What was your eclectic education?

Missouri Williams

I was homeschooled most of my childhood. I only attended school when I was in my middle teens and had to play catch up to everyone. My parents had a very specific homeschooling ideology. I was allowed to do whatever I wanted. I could read anything I liked, and so I spent my whole childhood reading. But then I could barely even add up properly until I was 14. So you gain some things and you lose others.

Five Dials

But we do have calculators for adding up. We don’t yet have a machine to create fiction. So maybe it was a good choice.

Missouri Williams

That’s a positive way of thinking about it.

Five Dials

I read a very short review of the novel, a one line review, that just said ‘Not for the faint of heart’. You’ve talked about the aggressiveness of the book and some of the shocking imagery. Should we be making art for people who are faint of heart?

Missouri Williams

Art should be forceful in some way. It should leave you thinking about things, and if those things are uncomfortable or painful, then it’s even more necessary. We go to different books for different reasons.
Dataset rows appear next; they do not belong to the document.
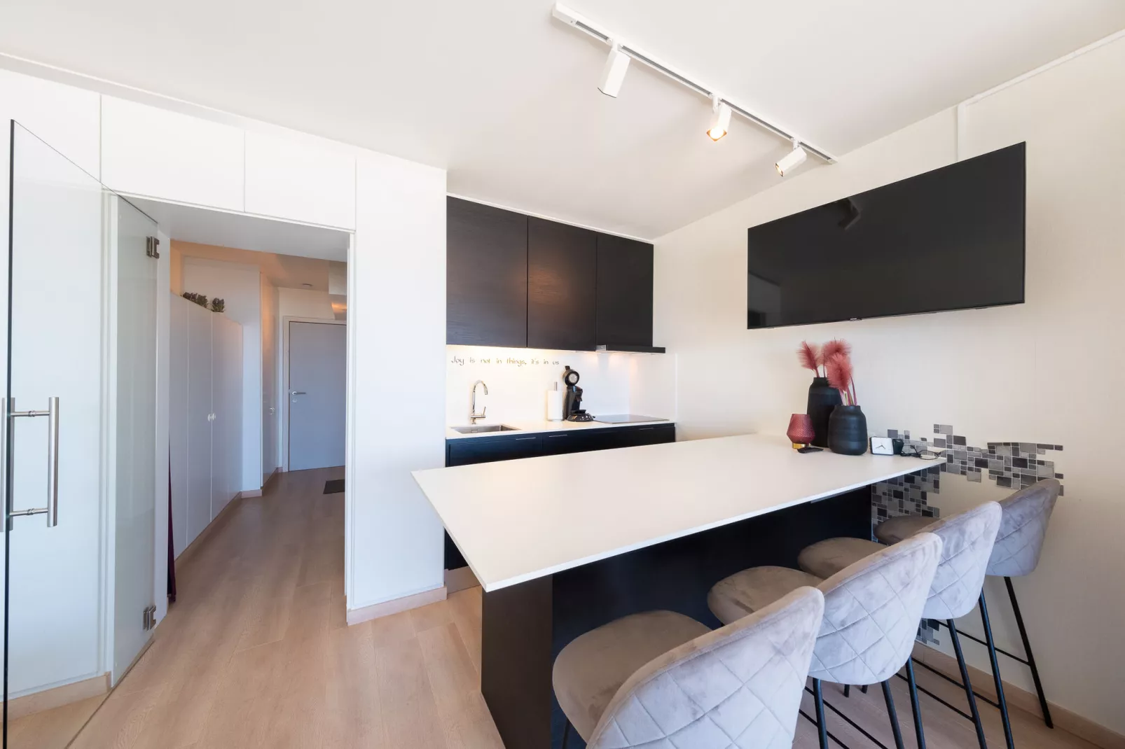 Deze stijlvolle en recent gerenoveerde studio, gelegen op de 5de verdieping, biedt alles wat u nodig heeft voor een zorgeloze vakantie aan zee. Dankzij de uitstekende ligging op de zeedijk geniet u van een onvergetelijk panoramisch zicht op de Noordzee en bevindt u zich bovendien vlak bij een tramhalte, ideaal voor uitstapjes langs de kust. De lichte en gezellige woonkamer nodigt uit tot ontspanning en geeft rechtstreeks toegang tot het ruime terras, waar u kunt genieten van de frisse zeelucht en het rustgevende geluid van de golven. Perfect voor een ontspannen ontbijt in de ochtendzon of een glaasje bij zonsondergang. De moderne open keuken met centraal kookeiland is volledig ingericht met alle hedendaagse toestellen en biedt alles wat u nodig heeft om zelf een heerlijke maaltijd te bereiden. De slaapruimte is slim ontworpen om optimaal gebruik te maken van de beschikbare ruimte. De studio beschikt over een comfortabel kastbed voor 2 personen en een handig opklapbaar stapelbed dat eveneens plaats biedt aan 2 personen – ideaal voor gezinnen met kinderen of een verblijf met vrienden. De badkamer is uitgerust met een ligbad en toilet, zodat u na een dag op het strand heerlijk kunt ontspannen. Kortom, deze volledig vernieuwde studio combineert modern comfort, een schitterende ligging en een fenomenaal zeezicht – de perfecte plek voor wie op zoek is naar een gezellige vakantie aan de Belgische kust. Wifi: ja - parking: niet inbegrepen - lakens: zelf meenemen - handdoeken: zelf meenemen.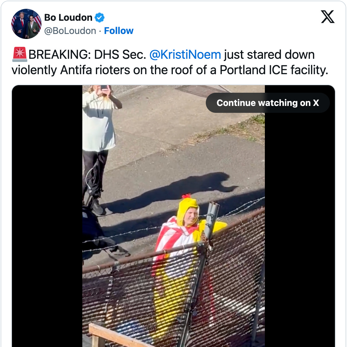 The propaganda is deeply out of touch with reality to the point that we pass into the surreal. The defining images of Portland or Kristi Noem having a staredown with a man in a chicken outfit…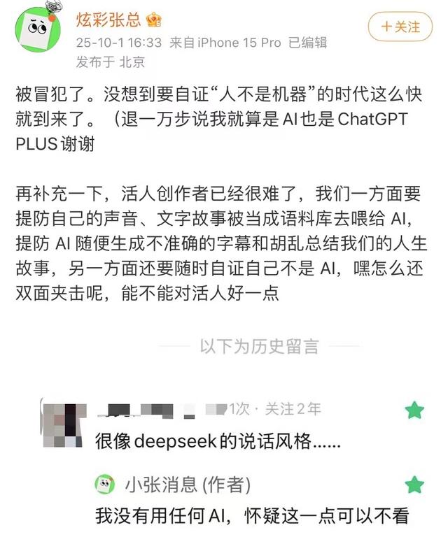 不仅是画师,许多文字创作者近期也饱受质疑。其中,一名播客主创近日就曾发布微博提到自己“被冒犯了”,因为其说话风格被指“很像deepseek的说话风格。”该博主表示,“没想到要自证‘人不是机器’的时代这么快就到来了……活人创作者已经很难了,我们一方面要提防自己的声音、文字故事被当成语料库去喂给AI,另一方面还要随时自证自己不是AI。”
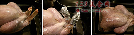 8、火鸡的造型,一般是如图示这样把鸡脚倒塞回鸡腹中。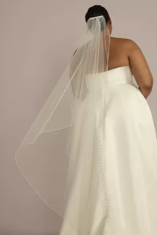 Modern minimalism lends a fresh touch to a bridal signature with this sheer tulle veil, cut in a mid-length with a pencil edge that creates a cascading effect as you float down the aisle.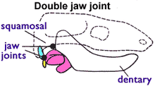 One such feature available for paleontology, shared by all living mammals (including monotremes), but not present in any of the early Triassic therapsids, is shown in figure 1: mammals use two bones for hearing that all other amniotes use for eating. The earliest amniotes had a jaw joint composed of the articular (a small bone at the back of the lower jaw) and the quadrate (a small bone at the back of the upper jaw). All non-mammalian tetrapods use this system including amphibians, turtles, lizards, snakes, crocodilians, dinosaurs (and their descendants the birds), ichthyosaurs, pterosaurs and therapsids. But mammals have a different jaw joint, composed only of the dentary (the lower jaw bone, which carries the teeth) and the squamosal (another small skull bone). In the Jurassic, their quadrate and articular bones evolved into the incus and malleus bones in the middle ear.[5][6] Mammals also have a double occipital condyle; they have two knobs at the base of the skull that fit into the topmost neck vertebra, while other tetrapods have a single occipital condyle.[5]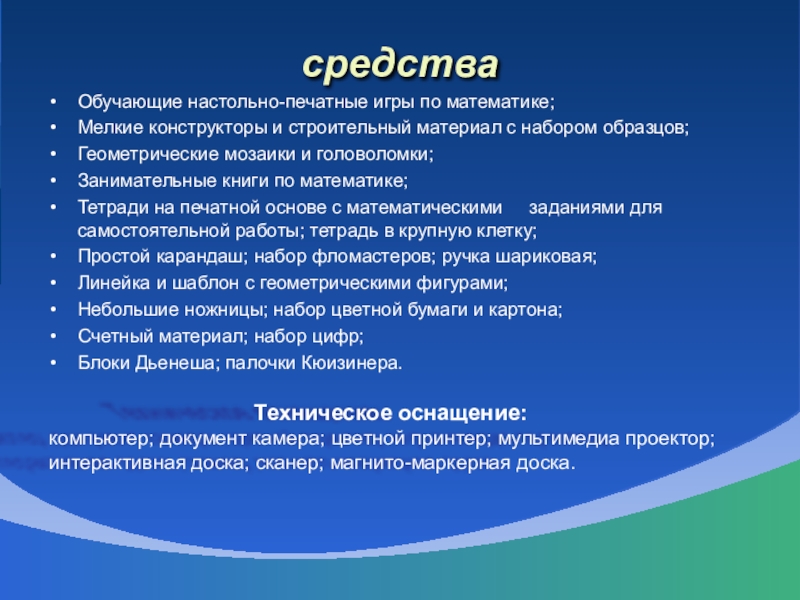 компьютер; документ камера; цветной принтер; мультимедиа проектор; интерактивная доска; сканер; магнито-маркерная доска.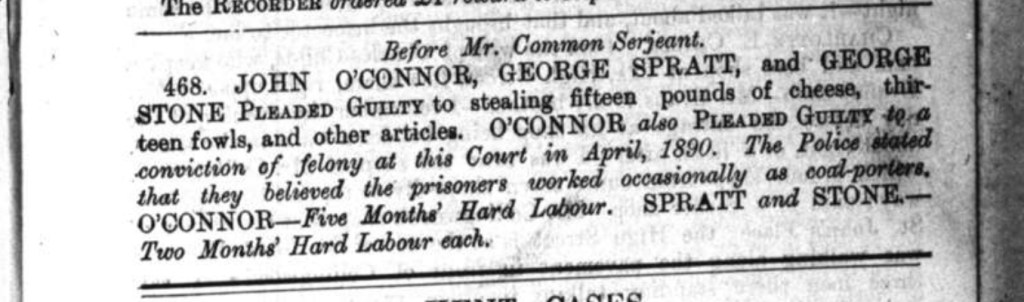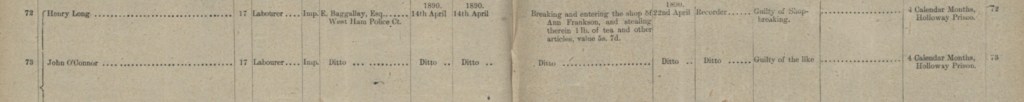 And on the 21st April 1890, John was found guilty at The Old Bailey, Londons central clinal court, for stealing tea, ginger beer, and other articles and was sentenced to Four Months’ Hard Labour at HM Prison Holloway.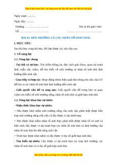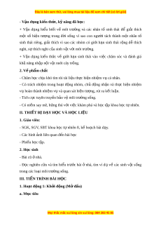 ả thích vì sao các nhóm có gi i ớ h n ạ sinh thái r ng ộ dễ thích nghi, sự thích nghi c a s ủ inh v t ậ v i ớ môi trư ng. ờ + V n ậ d ng ụ ki n ế th c ứ về gi i ớ h n ạ sinh thái vào vi c ệ chăm sóc và đánh giá khả năng nh p n ậ i ộ v t ậ nuôi cây trồng. 2. V ph ề ẩm ch t ấ - Chăm h c ọ ch u khó t ị ìm tòi tài li u t ệ h c hi ự n nhi ệ m ệ v cá nhân. ụ - Có trách nhi m ệ trong ho t ạ đ ng ộ nhóm, chủ đ ng ộ nh n ậ và th c ự hi n ệ nhi m ệ v hoàn ụ thành nhi m ệ vụ và quan sát hi n t ệ ư ng, ợ rút ra k t ế lu n. ậ - Tích c c t ự uyên truy n b ề o ả v m ệ ôi trư ng s ờ ng. ố - Có ni m ề say mê, h ng t ứ hú v i ớ vi c khám ệ phá và h c t ọ p khoa ậ h c t ọ nhi ự ên.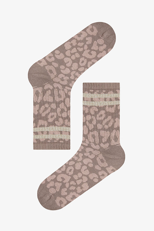2 Çift Leopar Desenli Simli Çizgili Tenis Kolej Soket Çorap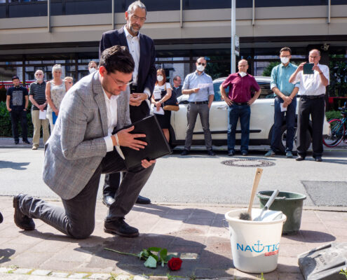 „Ich sage in alle Deutlichkeit: Nie wieder dürfen Hass und Krieg zu einem Mittel der Politik in Europa, Deutschland und bei uns vor Ort werden. Nie wieder. Und dieses Nie Wieder ist heute wichtiger denn je. Denn wir müssen mit größter Sorge beobachten, wie rechte Kräfte unter Nutzung alle Möglichkeiten unserer Demokratie die dunkle Seite unserer Geschichte relativieren und in ihrem Sinne umzudeuten versuchen. Wehret den Anfängen“, sagte Oberbürgermeister Dominik Sauerteig während der feierlichen Verlegung der Stolpersteine. Gemeinsam mit 3. Bürgermeister Thomas Nowak dankte er den Patinnen und Paten. Gaby Schuller hat akribisch die Lebensläufe der sechs Coburgerinnen und Coburger recherchiert und die Lebensläufe aufgeschrieben. Hier gibt es die Lebenswege zum Nachlesen.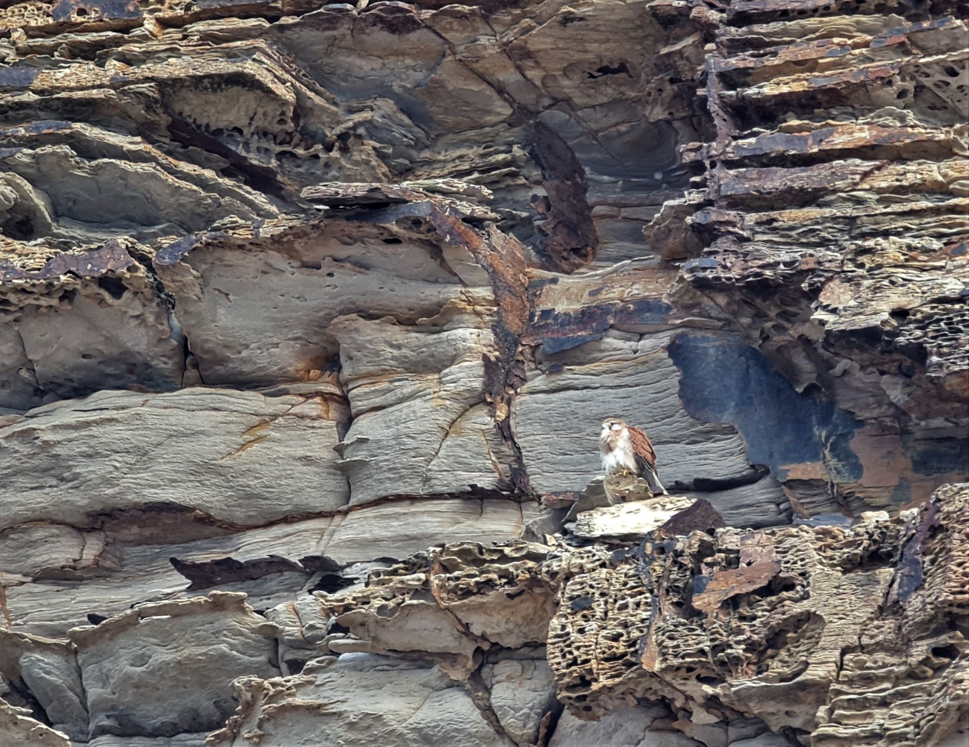 My interesting experiences this week included seeing a pair of Australian Kestrels landing on the cliffs at the northern end of Turimetta Beach. I think from their behaviour, they also have a nest on a ledge high up towards the top of the cliff.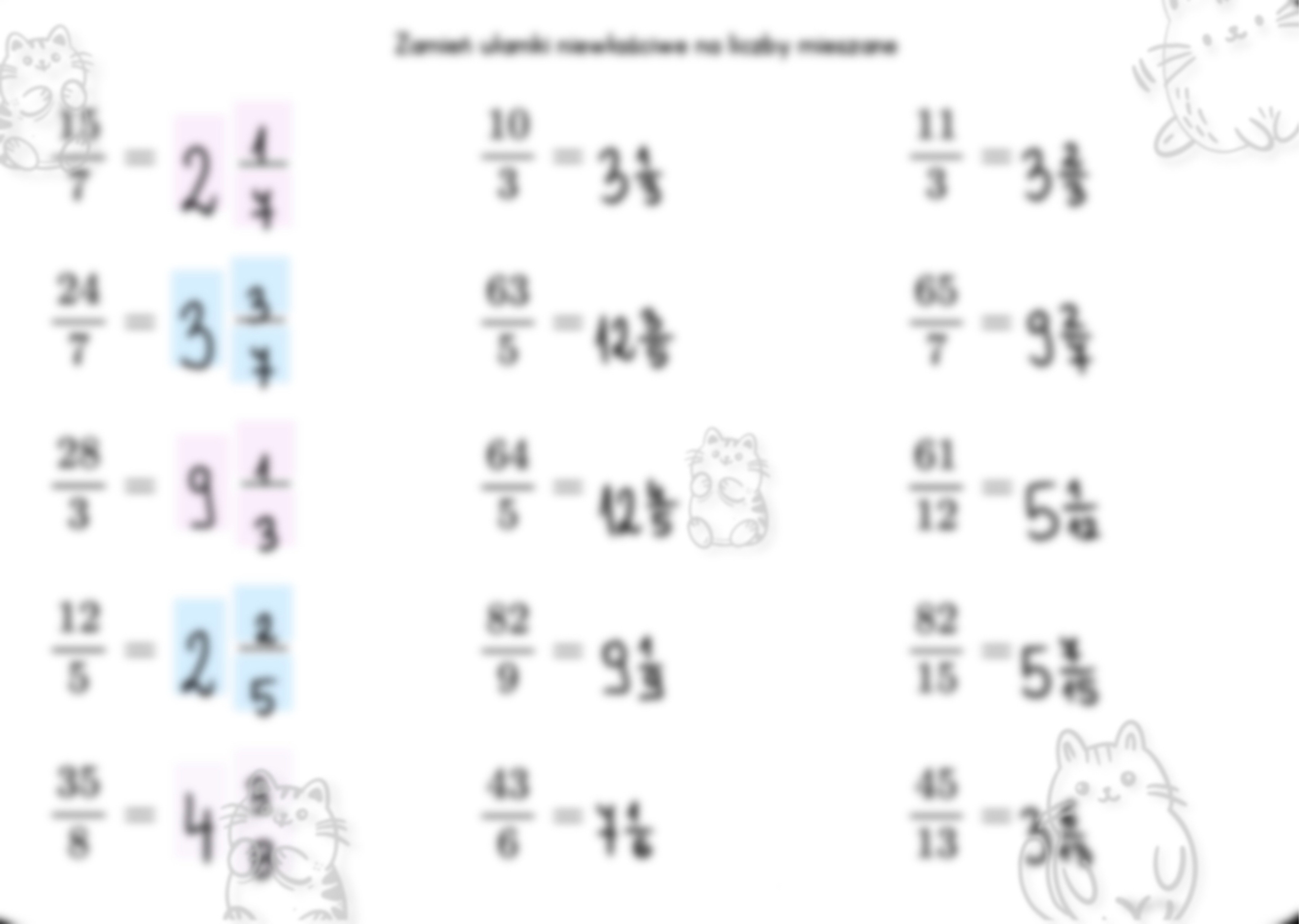 Przyjazna i estetyczna karta pracy, dzięki której uczniowie w atrakcyjny sposób utrwalą umiejętność zamiany ułamków niewłaściwych na liczby mieszane 🐱.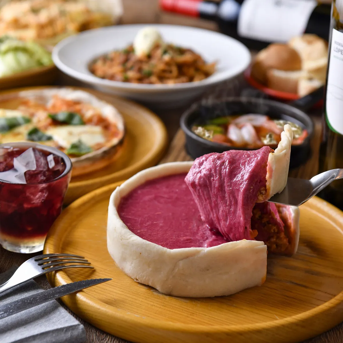 シェフこだわりの絶品イタリアンに加え、なんと当店の人気メニュー「シカゴピザ」と特製ピッツアが食べ放題に!普段とはひと味違う食べ放題を楽しみたい!そんな方におすすめです◎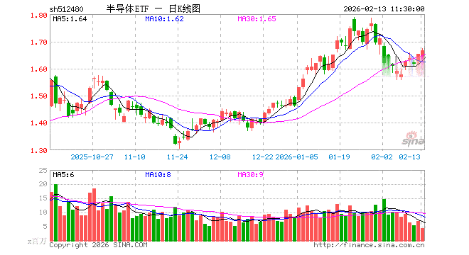2月13日,截止午间收盘,半导体ETF(512480)涨0.85%,报1.666元,成交额7.50亿元。半导体ETF(512480)重仓股方面,寒武纪截止午盘涨0.58%,中芯国际涨0.32%,海光信息跌0.89%,北方华创涨3.39%,兆易创新涨2.89%,澜起科技跌1.36%,中微公司涨0.77%,豪威集团跌0.30%,拓荆科技涨3.86%,紫光国微跌0.34%。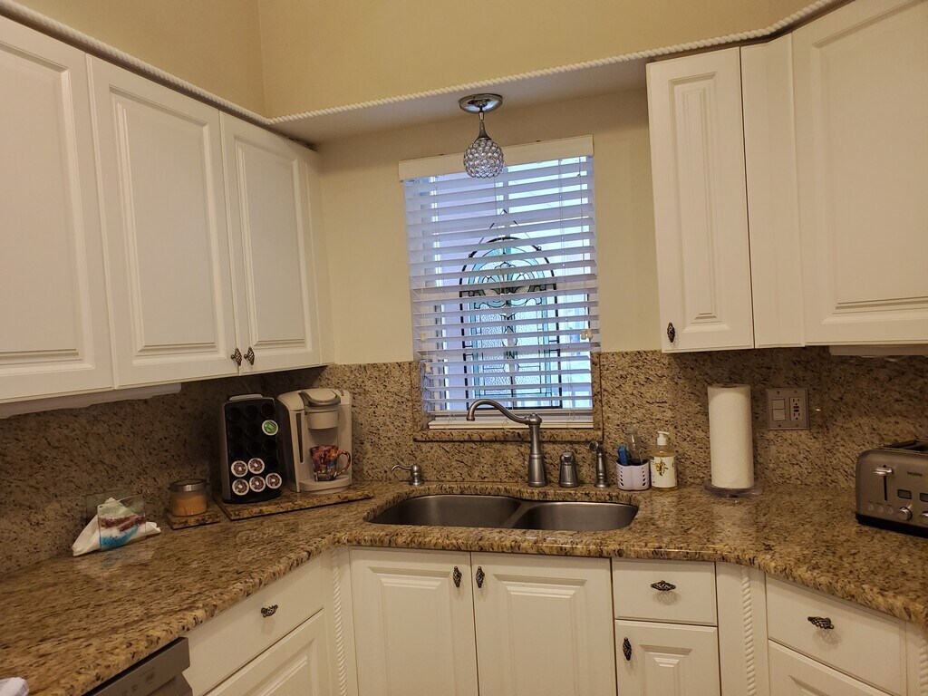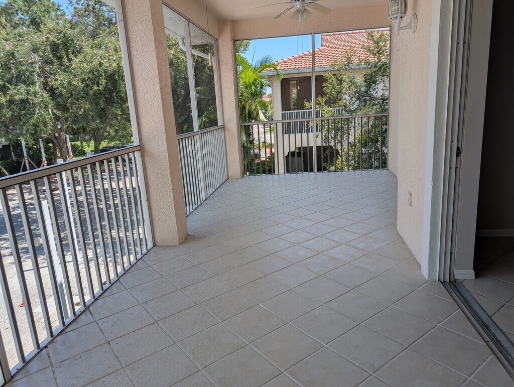 Mediterranean Style condo with soaring cathedral ceilings, and split layout offer natural light and space. Sliding doors leading from living room and Master to an expansive lanai offer an abundance of light and "al fresco" living. Just steps from the heated Pool, spa, fitness center and tennis court. Gated community a short drive to Siesta Key Beach, golf shopping, dining and miles of paved nature trails Freshly painted with tile flooring and granite counter tops. Credit and background checks required. Call to schedule showings or for more information. This condo is staged- Unfurnished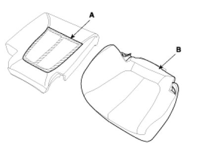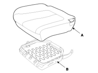 4. Disconnect the adhesives (A) on the front of seat cushion, remove the seat cushion cover (B).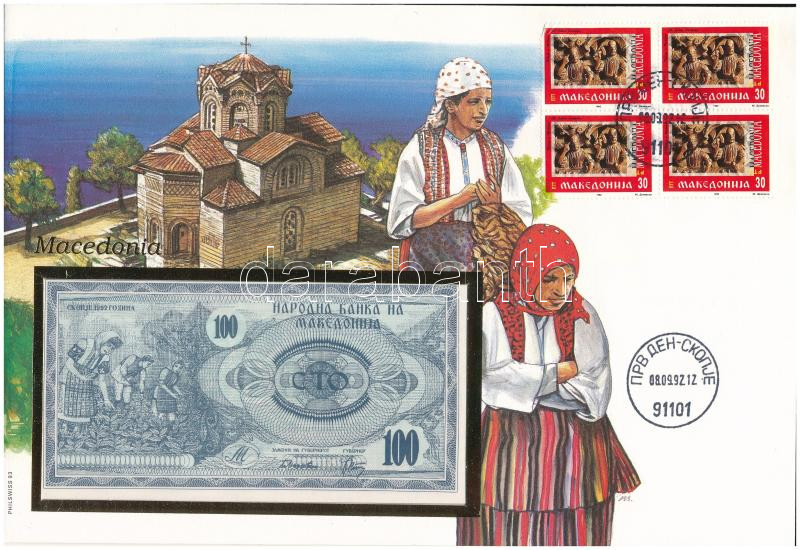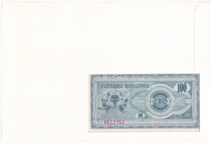 Macedonia 1992. 10 Dinara in envelope with stamp and cancellation C:UNC

Often I’ll read something that isn’t particularly demanding because I know I’ll enjoy it in a straightforward and easy way, but we also go to art in order to have confrontation with the world and ourselves. Hopefully it’s one that we’re enriched by. The Doloriad is about important things. And I’ve never wanted to apologize for the way in which I saw fit to address those things. I think it’s important to see that kind of unhappiness and maybe it should hurt. Even if the methods I chose are flawed, that cruelty exists and that cruelty is part of our world. It’s something that we need to see and acknowledge.

Five Dials

The line ‘Nature hateth emptiness’ jumped out at me. Nature goes forward. People move forward, even though they might not know the best way to proceed. Where did that line come from?

Missouri Williams

It’s actually a mangled quote from a poem by Andrew Marvel, but I can’t remember which one. But this seems appropriate because no one in the novel can remember where things come from either. Anyway, their Uncle remembers it in that form, and thinks that it is a powerful truth. It was an idea that really interested me. Even when they have nothing to hope for and are trapped in this unbearably hostile reality, some blind, mechanical instinct keeps people going, keeps them producing, and the whole world kind of lurches forward alongside them.

Five Dials

I sense a little bit of hope. Life will continue in some form.

Missouri Williams

I think The Doloriad is a hopeful novel. It probably doesn’t strike many people as being that way. But at the end there is some kind of reconciliation between different ways of seeing, and you have a sense that for the next generation — and this is the most hopeful ending of all — maybe things will be different. Once the Matriarch’s imperative to conquer and crush has been discarded, there is space for a new and more inclusive way of being, one that does away with the hierarchies of the past. Something is opened up. So yes, I do see The Doloriad as hopeful.